### Information given

○ ○ ○ ○ ○

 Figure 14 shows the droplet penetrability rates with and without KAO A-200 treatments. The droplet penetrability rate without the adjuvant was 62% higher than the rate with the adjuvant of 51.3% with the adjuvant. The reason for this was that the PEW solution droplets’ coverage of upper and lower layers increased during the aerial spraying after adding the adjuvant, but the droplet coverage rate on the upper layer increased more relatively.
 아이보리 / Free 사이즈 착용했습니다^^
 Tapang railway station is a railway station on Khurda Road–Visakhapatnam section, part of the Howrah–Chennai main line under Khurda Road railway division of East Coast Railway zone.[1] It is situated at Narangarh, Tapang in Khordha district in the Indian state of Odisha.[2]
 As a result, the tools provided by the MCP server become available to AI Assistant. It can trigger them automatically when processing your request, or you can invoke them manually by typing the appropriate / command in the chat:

○ ○ ○ ○ ○

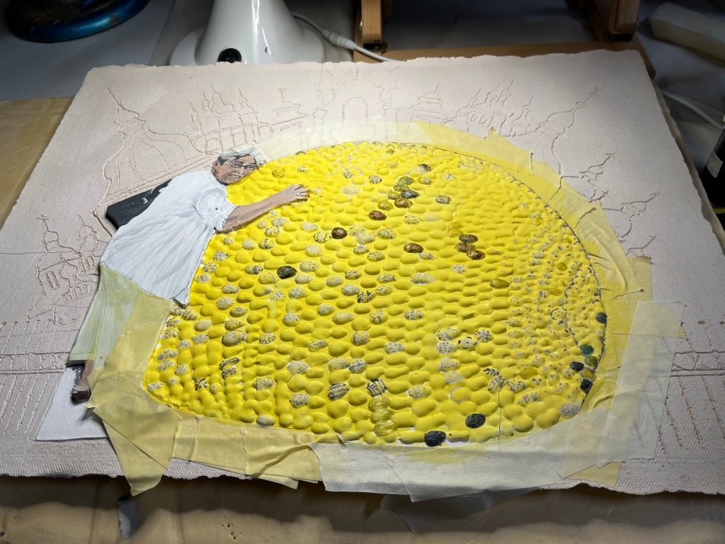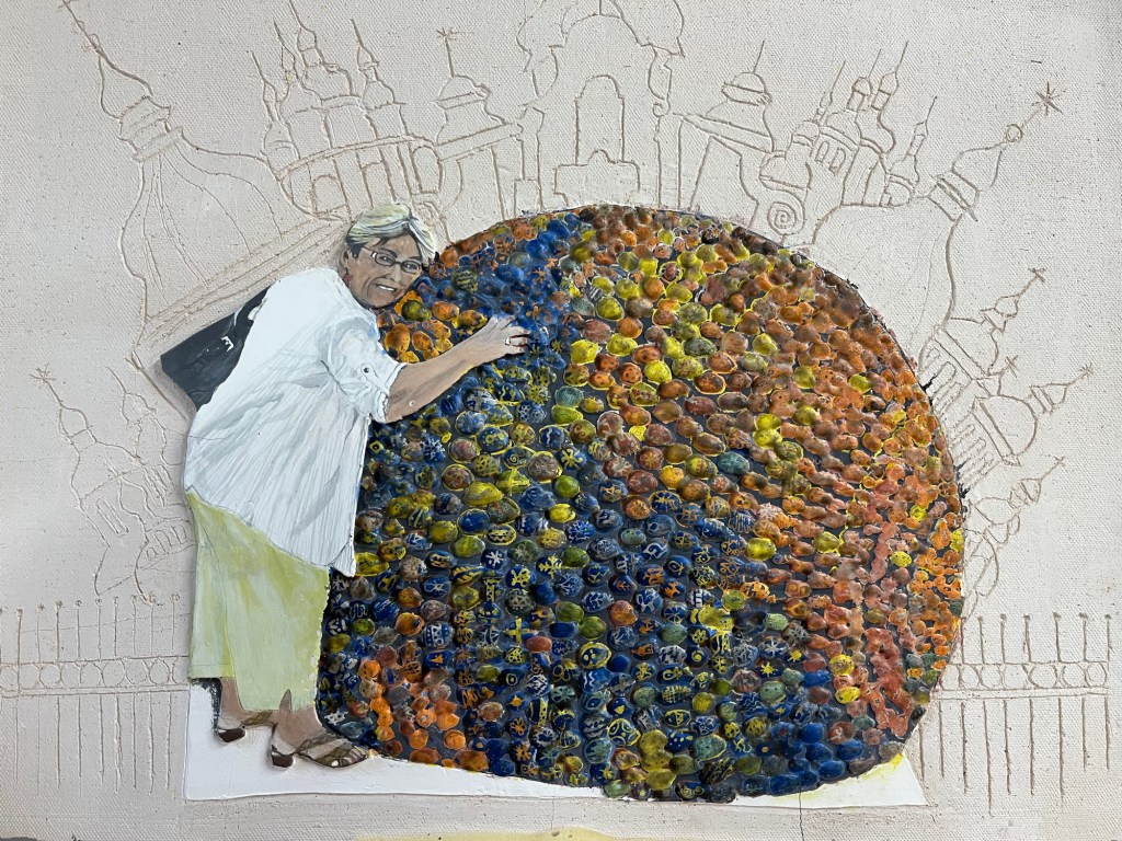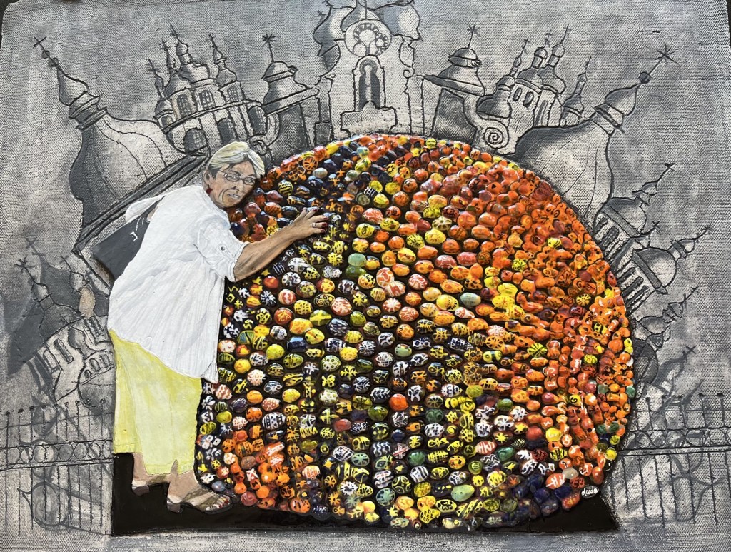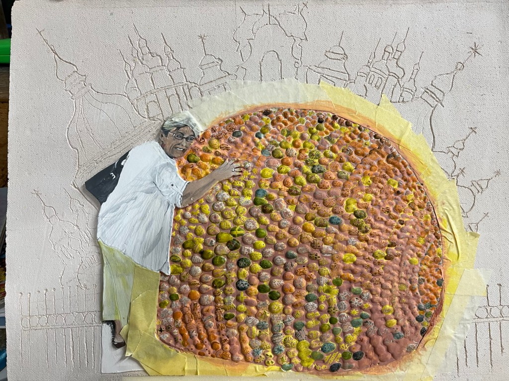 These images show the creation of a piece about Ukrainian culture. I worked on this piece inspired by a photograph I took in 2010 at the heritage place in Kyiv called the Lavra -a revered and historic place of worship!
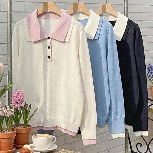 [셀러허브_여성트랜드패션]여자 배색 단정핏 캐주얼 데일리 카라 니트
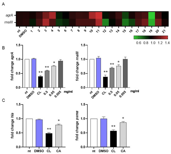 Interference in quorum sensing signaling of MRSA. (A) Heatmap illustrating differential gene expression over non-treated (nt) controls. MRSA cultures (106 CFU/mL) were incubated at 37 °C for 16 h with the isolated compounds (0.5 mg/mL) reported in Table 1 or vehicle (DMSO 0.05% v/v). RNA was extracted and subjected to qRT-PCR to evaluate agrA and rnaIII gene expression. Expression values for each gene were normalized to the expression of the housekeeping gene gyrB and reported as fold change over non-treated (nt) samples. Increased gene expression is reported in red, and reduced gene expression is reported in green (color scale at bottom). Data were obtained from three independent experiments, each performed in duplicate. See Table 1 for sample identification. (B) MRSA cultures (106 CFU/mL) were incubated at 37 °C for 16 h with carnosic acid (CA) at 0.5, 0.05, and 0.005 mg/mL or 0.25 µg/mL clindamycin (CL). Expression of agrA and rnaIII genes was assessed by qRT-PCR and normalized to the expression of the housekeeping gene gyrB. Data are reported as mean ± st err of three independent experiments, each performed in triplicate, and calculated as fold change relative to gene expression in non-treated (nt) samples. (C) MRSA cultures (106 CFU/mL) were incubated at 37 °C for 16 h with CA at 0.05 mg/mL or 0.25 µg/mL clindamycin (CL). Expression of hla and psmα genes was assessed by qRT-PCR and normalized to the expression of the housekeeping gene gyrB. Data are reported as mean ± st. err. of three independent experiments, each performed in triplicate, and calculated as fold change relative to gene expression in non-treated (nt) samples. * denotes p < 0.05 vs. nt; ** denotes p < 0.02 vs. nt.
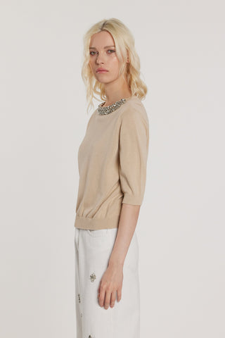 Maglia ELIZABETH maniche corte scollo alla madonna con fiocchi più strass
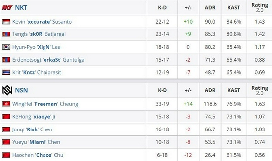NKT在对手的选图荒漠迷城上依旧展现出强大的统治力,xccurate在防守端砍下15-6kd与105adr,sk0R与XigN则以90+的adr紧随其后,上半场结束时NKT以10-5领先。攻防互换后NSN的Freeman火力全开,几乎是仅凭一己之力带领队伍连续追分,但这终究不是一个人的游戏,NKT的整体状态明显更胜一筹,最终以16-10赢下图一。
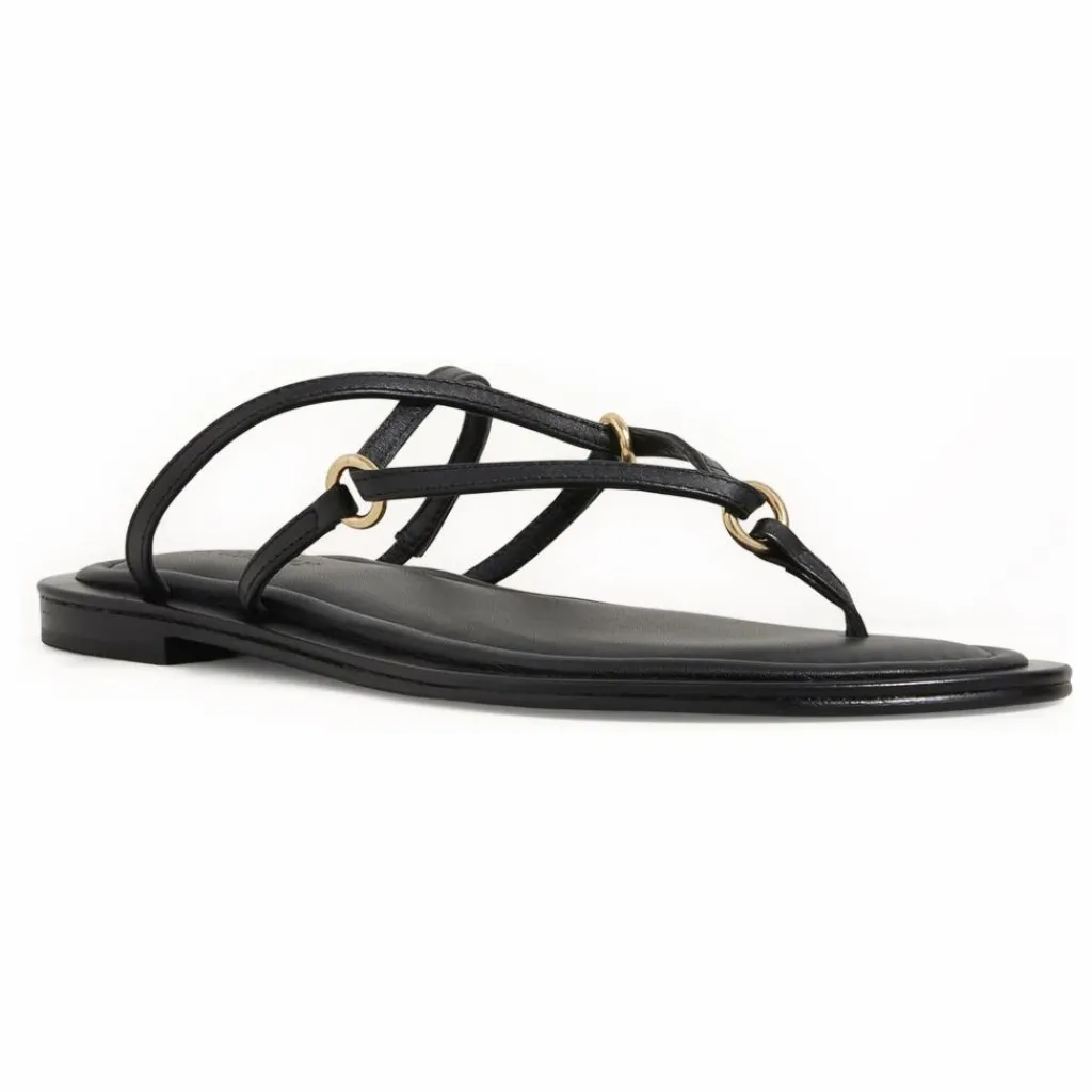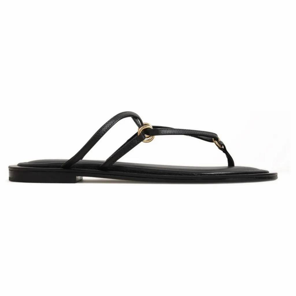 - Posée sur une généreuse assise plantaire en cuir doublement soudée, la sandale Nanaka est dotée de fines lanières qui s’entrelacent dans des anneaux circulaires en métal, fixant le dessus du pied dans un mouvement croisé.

○ ○ ○ ○ ○

### Exercise brief
Return a word-for-word copy of the lines above from the one holding "Figure 14 shows" through the one holding "As a result, the", with both of them included and nothing besides.

### Exercise answer
 Figure 14 shows the droplet penetrability rates with and without KAO A-200 treatments. The droplet penetrability rate without the adjuvant was 62% higher than the rate with the adjuvant of 51.3% with the adjuvant. The reason for this was that the PEW solution droplets’ coverage of upper and lower layers increased during the aerial spraying after adding the adjuvant, but the droplet coverage rate on the upper layer increased more relatively.
 아이보리 / Free 사이즈 착용했습니다^^
 Tapang railway station is a railway station on Khurda Road–Visakhapatnam section, part of the Howrah–Chennai main line under Khurda Road railway division of East Coast Railway zone.[1] It is situated at Narangarh, Tapang in Khordha district in the Indian state of Odisha.[2]
 As a result, the tools provided by the MCP server become available to AI Assistant. It can trigger them automatically when processing your request, or you can invoke them manually by typing the appropriate / command in the chat:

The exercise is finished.